Sunday, February 26, 2006

Third Circuit Clamps Down on Sound in Fraud Rule

If you’ve ever litigated 1933 Act and 1934 Act claims together, than you’ve no doubt made or defended the “sound in fraud” argument. If you’re a Plaintiff, you know the frustration of trying to draft the two claims together while alleging fraud on one hand -- and negligence on the other. And if you’re a Defendant, you know how fun it is to try to convince the Judge that Plaintiff should have done just that. Well Plaintiffs, you finally may have found a sympathetic ear in the Third Circuit.

You see, in the Suprema Specialties (the melted cheesemaker) securities class action, the Panel reversed most of Judge William H. Walls’ (D. N.J.) complete dismissal of both ’33 and ’34 Act claims, holding that “where, as here, individual defendants are accused in separate claims of the same complaint of having violated Section 11, Section 12(a)(2), and Section 10(b), the Securities Act claims do not sound in fraud if ordinary negligence is expressly pled in connection with those claims. In such a case, the fraud allegations cannot be said to ‘contaminate’ the Section 11 and Section 12(a)(2) claims if the allegations are pled separately.” “Here, ordinary negligence is alleged in the Section 11 and Section 12(a)(2) claims, and those claims are pled separately from the Section 10(b) fraud claims against the same defendants. That is enough to avoid triggering Rule 9(b). A contrary result would effectively preclude plaintiffs from filing suit under Section 11 and Section 12(a)(2) as well as Section 10(b)(5). There is no suggestion that Congress intended such an incongruous approach.”

"In short, the reputational concerns that animate Rule 9(b) with respect to a defendant accused of fraud are not implicated when a defendant stands accused of nothing more than negligence.” So, “because the Section 11 and Section 12(a)(2) claims of the plaintiffs here were expressly negligence-based and pled distinctly in the complaint from the fraud-based claims, it was error for the District Court to hold that they sound in fraud. Accordingly, we will vacate the dismissal of these claims.”

Be sure to also check out the decision for rulings on inside trading, accountants’ liability, and tracing issues.

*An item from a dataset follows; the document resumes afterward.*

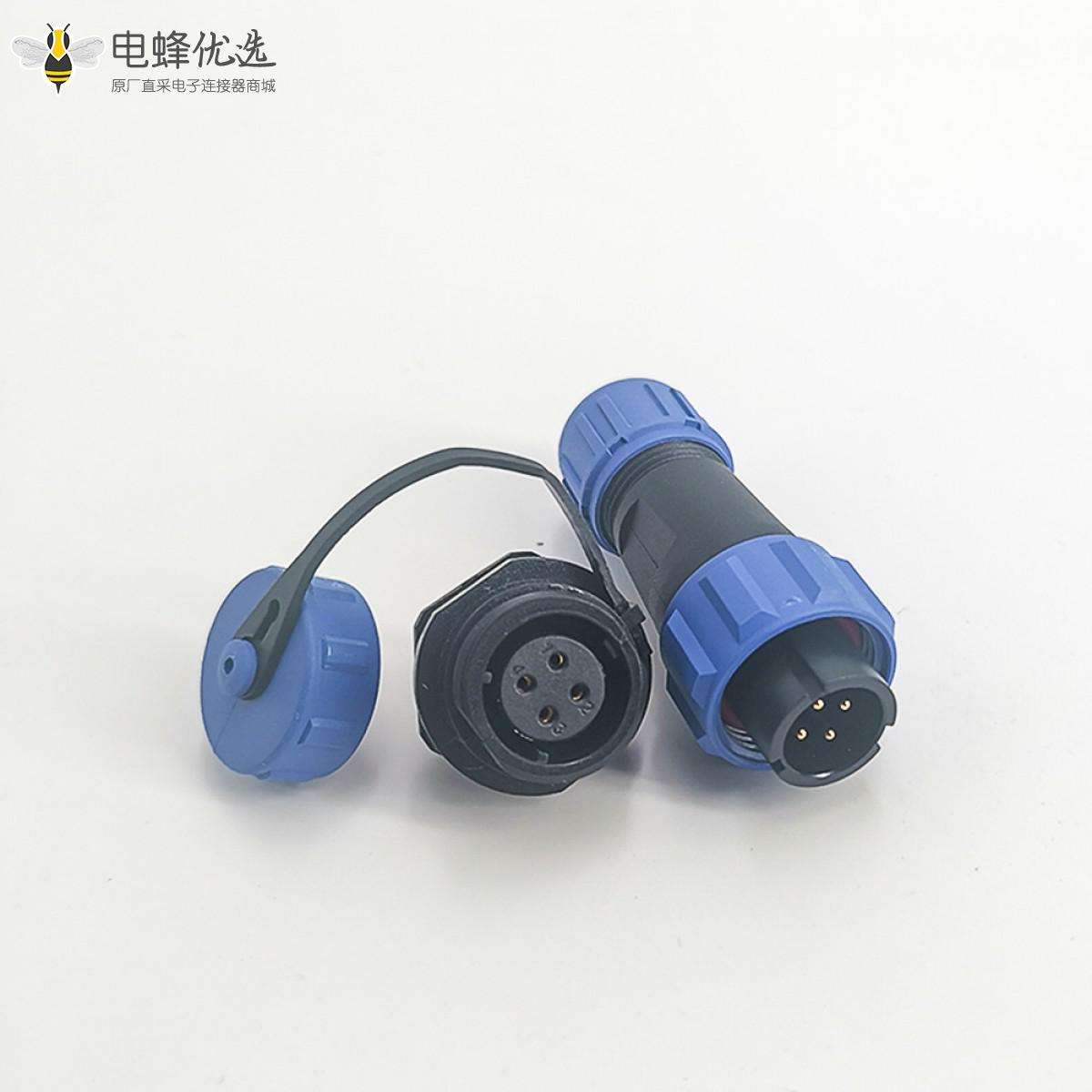 SP13系列,直式,公插头,母后螺母插座,焊接中心针,4芯;

You can read In re Suprema, issued February 23, 2006, here, or at 2006 U.S. App. LEXIS 4307.

Nugget: “To be sure, the ‘sounds in fraud’ determination for Securities Act claims will not always be clear cut in cases where the plaintiff simultaneously raises claims against the same defendants under a provision that requires a showing of scienter, like Section 10(b). But where the plaintiff has exercised care in differentiating asserted negligence claims from fraud claims and in delineating the allegations that support the negligence cause of action as distinct from the fraud, the determination is straightforward.”